The Peruvian multinational, whose local subsidiary Big Bottling Company produces BIG Cola and Cifrut, unveiled CIELO in three flavours: Orange, Apple, and Lemon-Lime. The company says the drink uses natural colouring and contains no added sugar. MD/CEO Hernan Córdova described the launch as the company staying “responsive to evolving consumer needs” in Nigeria’s soft drink market, though no pricing, distribution footprint, or retail shelf targets were disclosed at the event.
The simultaneous relaunch of Cifrut in 500ml bottles and BIG Cola in 660ml carries the more immediate commercial signal. Larger pack sizes at competitive prices are a known AJE move in price-sensitive markets. Nigeria’s soft drink sector recorded stronger volume growth in 2025 as inflationary pressure eased and price increases slowed considerably from the previous year, according to Euromonitor International. Brands that had held back SKU expansions through the FX crunch now have more room to push volume.

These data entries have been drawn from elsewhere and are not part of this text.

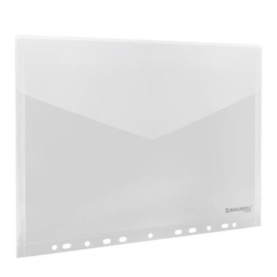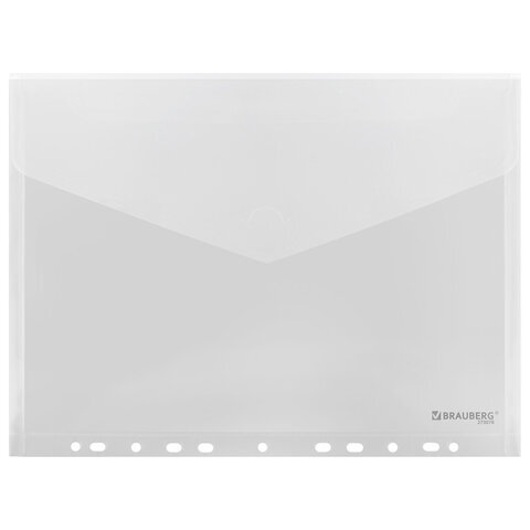 Папка-конверт с перфорацией А4, BRAUBERG "UNIVERSAL", КОМПЛЕКТ 10 шт., прозрачная, 0,15 мм, 273078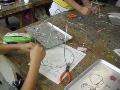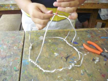 5年生の図画工作の授業の様子です。新しい作品「光のファンタジー」の制作に取りかかったところです。針金と和紙を使った和製ステンドグラスです。自分が考えたイメージ図をもとに作っていきます。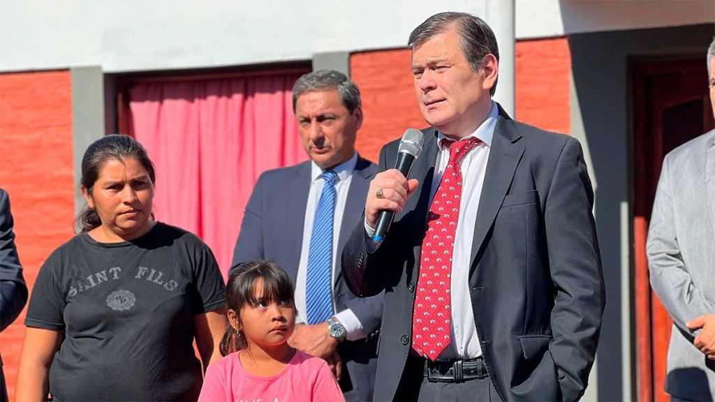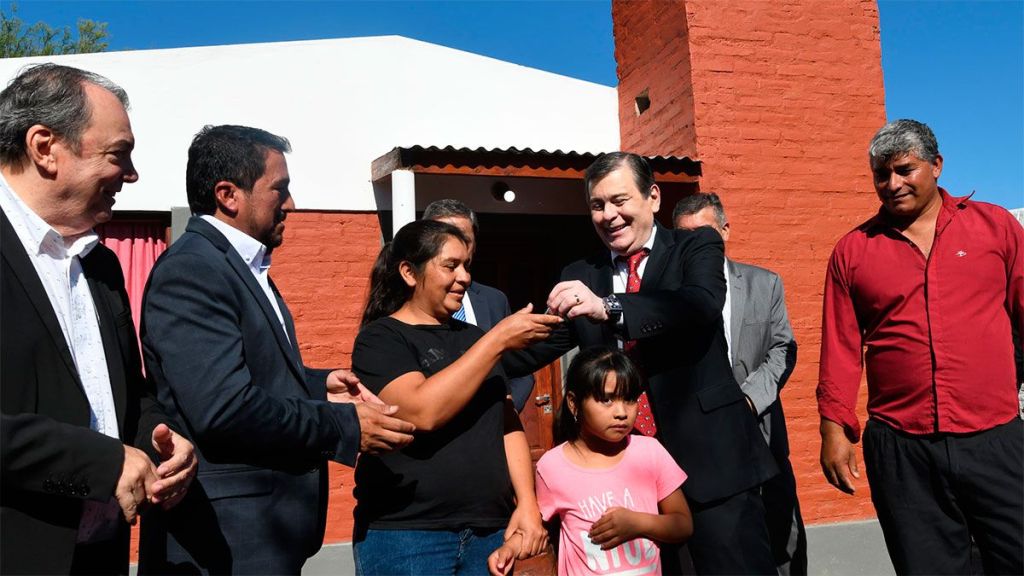 La visita del mandatario a este lugar comenzó por el domicilio de Karina Rodríguez, donde se hizo el corte de cintas y la entrega simbólica de llaves a las 18 familias beneficiarias del programa Viviendas Sociales, las que fueron construidas con la colaboración de las comisiones municipales de Villa Salavina, Sabagasta y Vaca Human.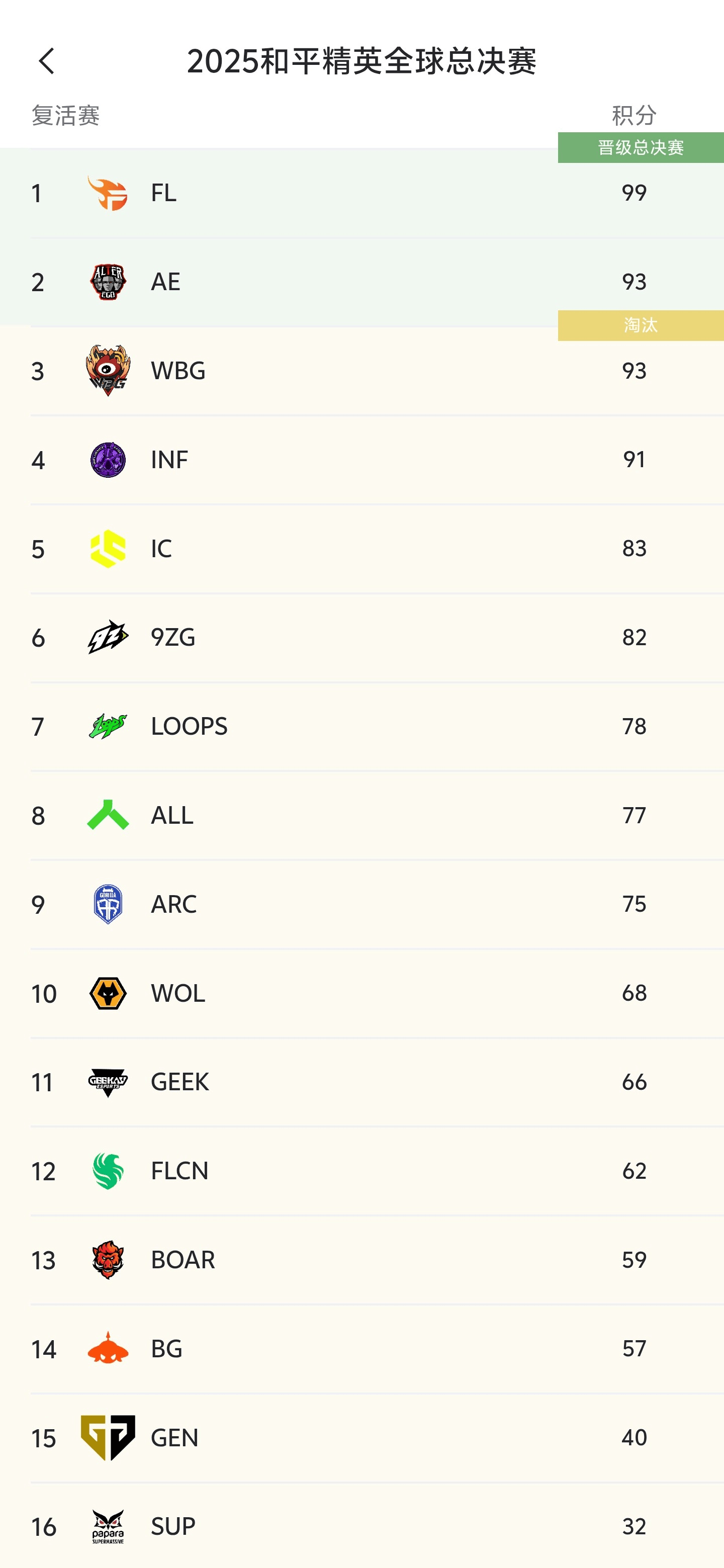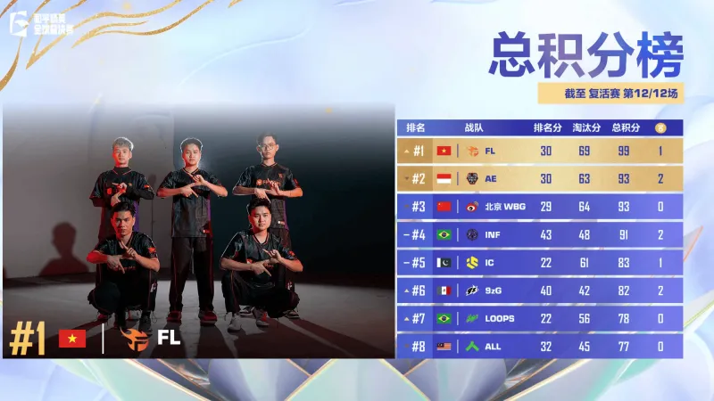 虎撲12月08日訊 12月7日積分榜:2025和平精英全球總決賽復(fù)活賽第2比賽日,F(xiàn)L積99分榜一晉級(jí),分榜分晉而由于WBG吃雞數(shù)為0,積分級(jí)A借兩雞同級(jí)故在同分情況下排名低于AE,次吃無(wú)緣總決賽。板月榜晉具體積分如下: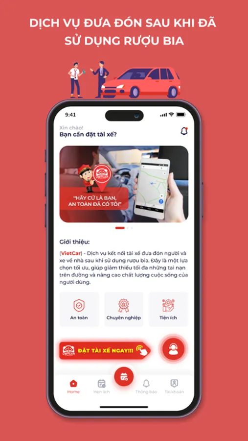 VietCar - Dịch vụ kết nối tài xế đưa đón người và xe về nhà sau khi uống rượu bia. VietCar là một lựa chọn tối ưu, giúp giảm thiểu tối đa những tai nạn trên đường và nâng cao chất lượng cuộc sống của người dùng.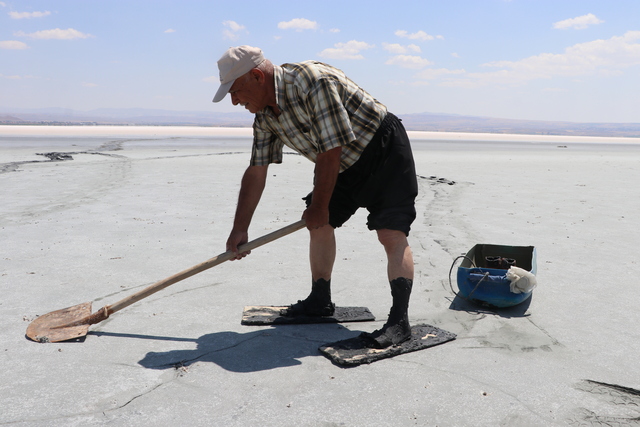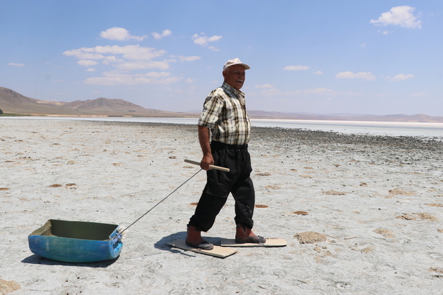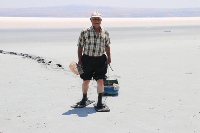 Kayseri'nin Sarıoğlan ilçesindeki Tuzla Gölü'nde, bölge halkının yerel yöntemlerle yaptığı tuz hasadı, bu yıl yüksek sıcaklıklar ve yağışların az olması nedeniyle ilk kez yapılamadı. Bölgede 30 yıldır tuz çıkardığını ve gölde batmamak için kendi geliştirdiği, 'helik' adını verdiği tahta ayakkabıları giydiğini söyleyen Bekir Dikmen, "2 yıldır tuz çıkarmakta çok zorlanıyoruz. Geçen yıl az da olsa tuz çıkarıp, gelir elde etmiştik. Bu yıl hiç çıkaramadım" dedi.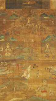 Welcoming Descent of Amitâbha Buddha (Amida Nyorai) flanked by the Bodhisattvas Avalokiteshvara (Kannon Bosatsu) and Mahâsthâmaprâpta (Seishi Bosatsu); Amida sanzon raigō zu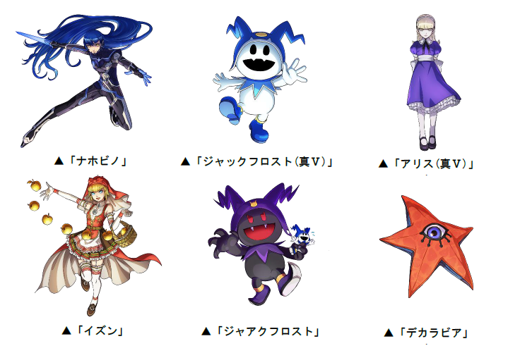前回のコラボで登場した「ナホビノ」「ジャックフロスト(真V)」「アリス(真V)」などに加え、新たに「イズン」「ジャアクフロスト」「デカラビア」をはじめとした人気キャラクター達が描き下ろしイラストで新登場!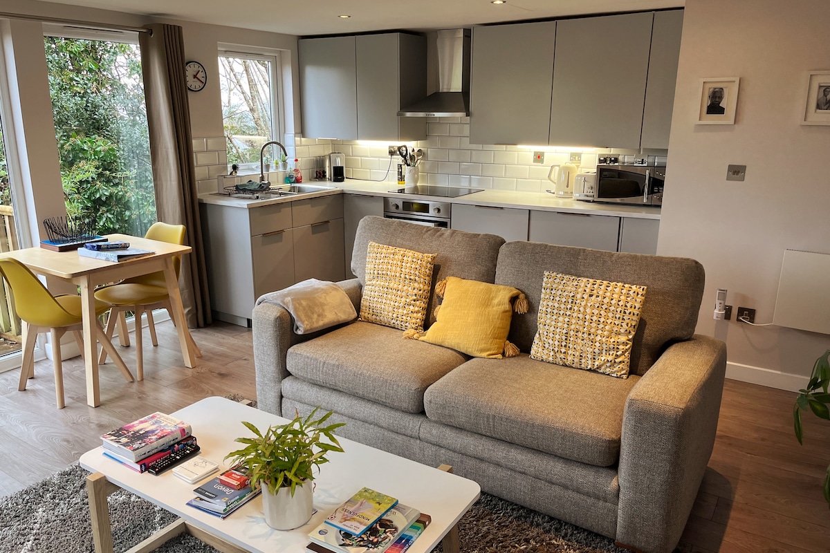 Contemporary, comfortable and homely 1-bedroom cottage, close to Exeter, Dartmoor and South Devon beaches. Wonderful views, king size bed, stylish bathroom, open plan kitchen, living and dining room and your own private deck to enjoy the views. Breakfast, Nespresso machine, Netflix & bathrobes are provided for your use during your stay. EV charging available. Run by Superhost for 8 years. If unavailable, please see The Burrow (our other listing) at the same location with over 100 5* reviews.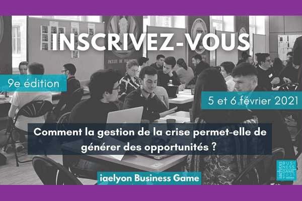 Pour cette nouvelle édition, l’iaelyon Business Game revient pour deux journées d’épreuves consacrées au thème des opportunités générées par la gestion de la crise. La pandémie de Covid-19 ne cesse de bouleverser le fonctionnement des entreprises, en France et partout ailleurs. Comment y font-elles face ? Quels bénéfices peuvent-elle en tirer et quels en sont les enjeux ? Cette année encore, de nouveaux défis attendent les étudiants : épreuve de consulting, pitchs convaincants et simulation d’entreprise.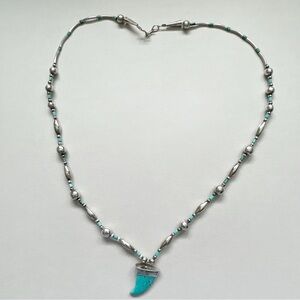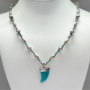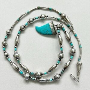 Vintage Southwestern Turquoise Bear Claw Bead Sterling Silver Necklace. Blue turquoise bear claw with sterling silver cap on strand of sterling silver round bench and tube beads with turquoise spacers. Hook and loop clasp. May be Navajo. Necklace is 23 inches. Turquoise claw is 15 x 18 mm. 18g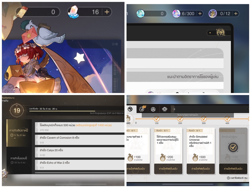 ฿200✦ ใช้พลังงานในเกม (สามารถบรีฟได้ว่าอยากให้ลงอะไร) ✦ เควสประจำวัน 60 เพชร ✦ Battle Pass ✦ คำขอสำรวจ ✦ ลงซิมรายสัปดาห์ให้แต้ม 14000/14000 ✦ Echo of War (3/3) ✦ อีเว้นท์ย่อยในช่วงนัั้น ✦ สามารถให้คำแนะนำได้ตลอดการดูแลไอดี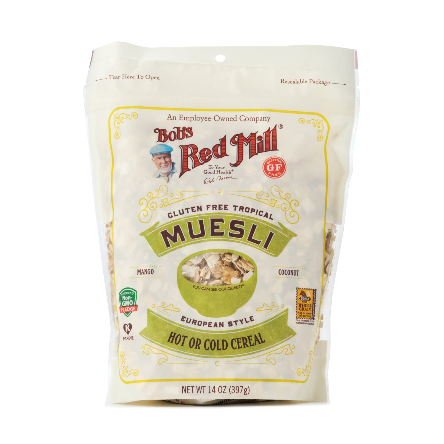 This Gluten Free Tropical Muesli features three favorite Bob’s Red Mill gluten free grains while real mango and strawberry pieces pop with fruity bursts. Pumpkin and sunflower seeds partner with almonds and macadamias for a nutty undertone. Enjoy it hot or cold; served with milk, yogurt, or even juice; or eaten straight out of the bag!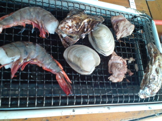 えび、牡蠣、はまぐり、さざえ、ほたて、まぐろのほほ肉、、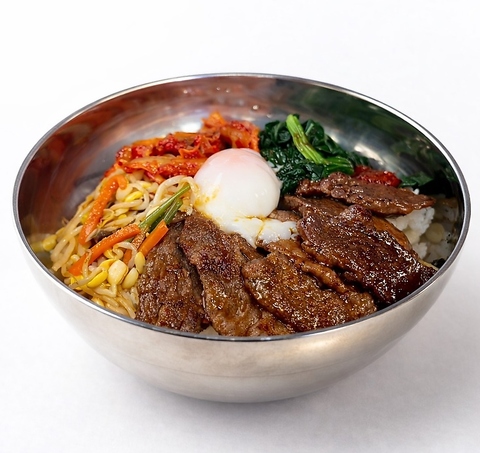香ばしく焼き上げたお肉と彩り豊かなナムルを、ごはんと一緒に楽しむ人気メニュー。しっかり混ぜることで旨みが一体となり、最後の一口まで飽きずに味わえます。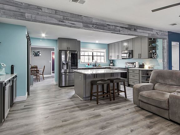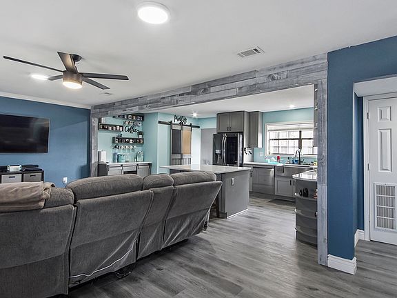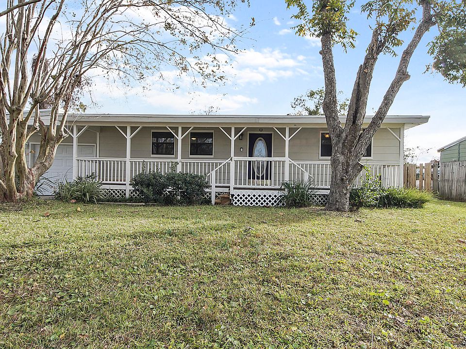 CENTRALLY LOCATED HOME WITH A CHARMING ROCKING CHAIR STYLE FRONT PORCH! The interior features 3 bedrooms, 2 full baths, an open floor plan with split bedrooms, ample natural light, crown molding, new vinyl plank flooring, an interior laundry room and a single car garage. The NEW kitchen boasts ample counter and cabinet space, beautiful Quartz tops, new black stainless appliances, a breakfast bar, a coffee bar and a large pantry with barn doors. The master bedroom can accommodate most king size furniture and has an adjoining bath with walk-in tiled shower with a 3 faucet shower system (including a rain shower head), a large vanity, and an XL walk-in closet. The exterior features a 75x135 lot, a back deck for grilling and entertaining, an XL covered front porch and a privacy fenced backyard

The zero-sugar positioning for CIELO places AJE in a space that Nigerian competitors are already entering. Zero-sugar SKU introduction is no longer optional for beverage operators in Nigeria, with both Red Bull and Monster Beverage stepping up shelf presence for their sugar-free variants, while NAFDAC labelling and caffeine limits are tightening compliance requirements across the sector. A functional drink with antioxidant claims and natural colouring reads as a response to that pressure, not an advance on it.
How CIELO moves through trade will determine whether it holds shelf space or becomes a premium sticker on an underperforming line. Drinkabl.media’s coverage of clean-label functional drink launches has shown that category credibility depends on distribution depth, not launch-event positioning. Nigerian SSB consumption rose by 123 percent between 2008 and 2022, according to CAPPA Africa, even as health-system costs from sugar-linked conditions compound — the gap that zero-sugar brands are pitching into is real, but converting health-aware intent into repeat purchase requires retailer pull, not just product claims.
AJE has been expanding Nigerian capacity. The group commissioned a new production line at its Big Bottling Company facility in August 2025 to address rising demand across multiple pack sizes. CIELO’s distribution rollout across that expanded infrastructure is the next metric worth watching, particularly how quickly the drink reaches informal retail channels, which account for most FMCG volume in Nigeria.